Providing F environmental frame contents, wherein the content set is +.>

the optimization problem represents optimizing content caching decisions

Representing an average utility function, τ representing the current slot;

indicating whether content i is requested or not +.>

Representing content i->

Indicating that at least one user requested content i,

representation->

No user request; h is a _k Indicating whether user k's request hits in the edge server's cache space, h if the content hits _k =1, otherwise h _k ＝0；

(2) Mapping a content caching decision process based on user history preference into a Markov decision process, and establishing a caching resource allocation decision network by using a deep Q network;

in the deep Q network, the state of the agent is set to be the content cache state s (t) = [ C ] of the current edge server ₁ ,C ₂ ,…,C _F ]The method comprises the steps of carrying out a first treatment on the surface of the Actions of agent output

Indicating whether or not to take action on content i; evaluating rewards of the network computing action after execution, the rewards being set to an optimization target value +.>

(3) The user terminal generates a service demand and sends a request to the edge server node, the user terminal detects whether the requested content is cached locally, if not, the requested content is obtained from the edge server node; if yes, selecting to process locally or uninstalled to the edge server node; and the edge server updates the content caching decision according to the continuously received user request.

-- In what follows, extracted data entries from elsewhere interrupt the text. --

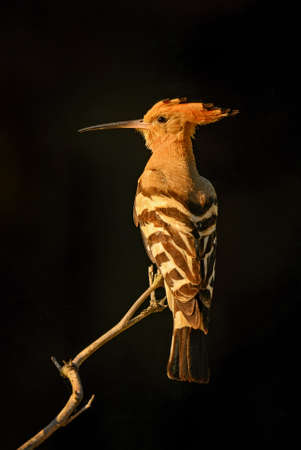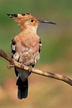 Eurasian hoopoe (Upupa epops) bird on branch seen from the side ith raised crest. One of the most beautiful birds of Europe. Wildlife scene of nature in Europe.
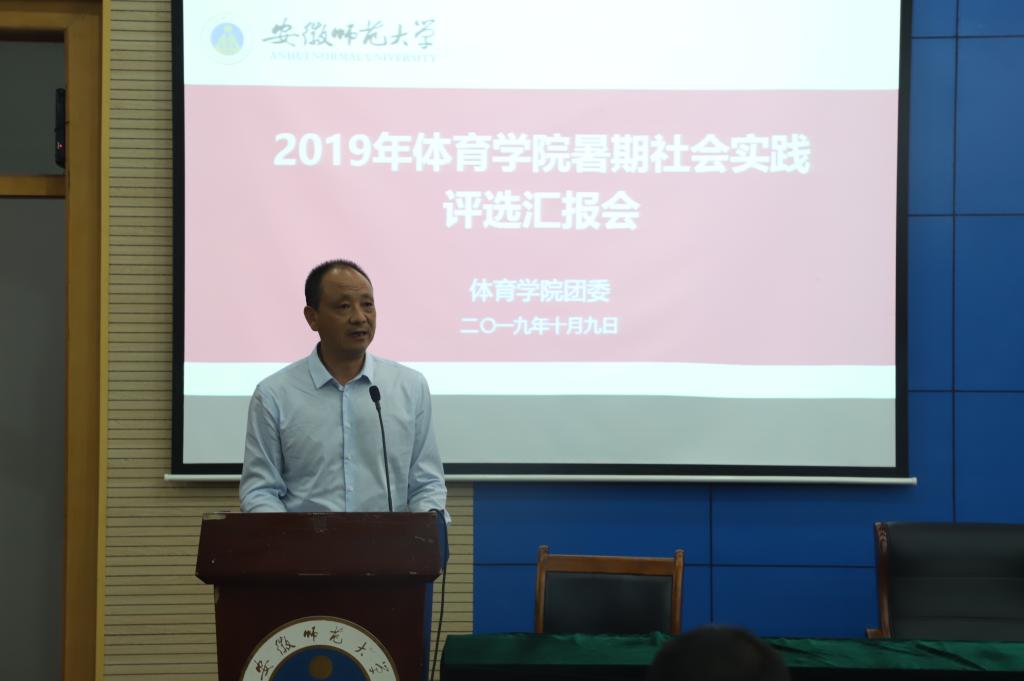 评选工作结束后,437ccm必赢国际版党委副书记崔世兵作总结发言,他首先肯定了今年我院的暑期社会实践取得了丰硕的成果,今天十三支团队的汇报都很精彩。接着指出,437ccm必赢国际版“阳光体育”爱心夏令营志愿服务活动已坚持14个年头,通过暑期社会实践,让知识和实践有机的融合,成百上千的同学得到了锻炼,也为很多贫困地区儿童特别是农村留守儿童点亮了理想之灯。最后他强调,中华民族伟大复兴的中国梦的实现和体育强国战略的实施要求我们新时代大学生有理想、有本领、有担当,暑期社会实践是受教育、长才干、树形象、作贡献的重要平台,同学们要再接再厉,今后更好地投入到社会实践中,锻炼自我、锤炼本领、实现理想。
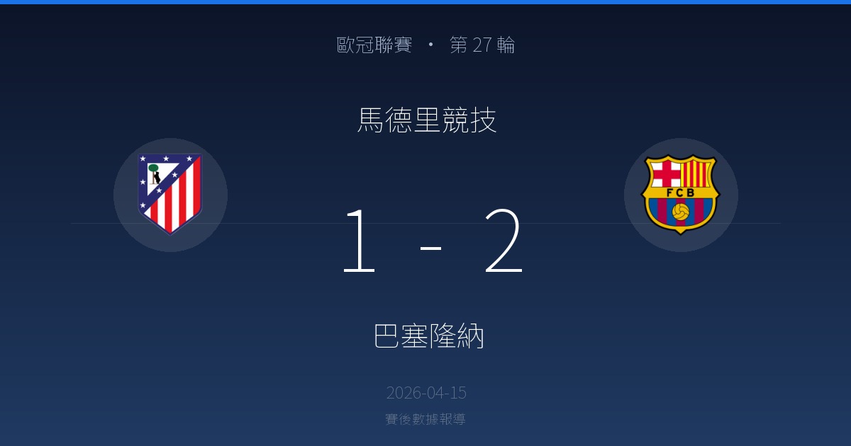 | 22' | 馬德里競技 | Antoine Griezmann | ❌ 射偏 | 左腳 | 0.13 |
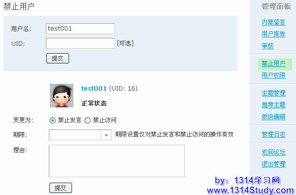 管理员或者版主用来禁止用户发言或者访问,如下图所示
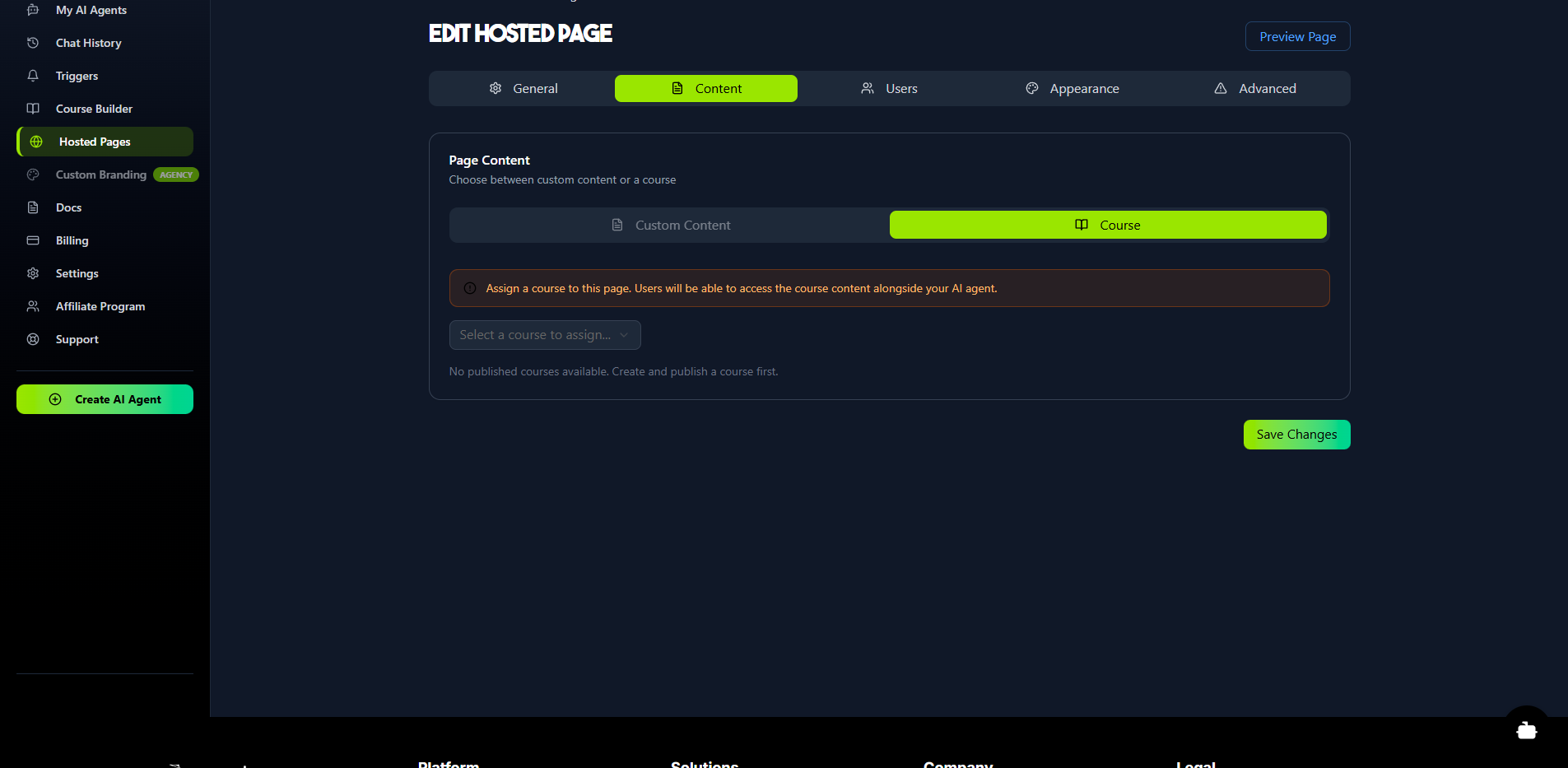 The Course Builder allows you to create comprehensive, multi-media courses. The true power of this feature is unlocked when you connect your course to a Hosted Page. When you do, the AI agent on that page is automatically trained on all your course content—including text, videos, and audio—to act as a 24/7, personalized AI tutor for each of your students.

2. The method of claim 1 wherein the edge server node's cache hit rate at time slot t

3. The method of claim 1 wherein the method establishes a buffer resource allocation decision network using a deep Q network, the Q network is implemented using a deep neural network DNN approximating a nonlinear function, the DNN includes three fully connected hidden layers, the activation function of the first two hidden layers is set as a linear rectification function, and the third hidden layer function is set as a tanh function.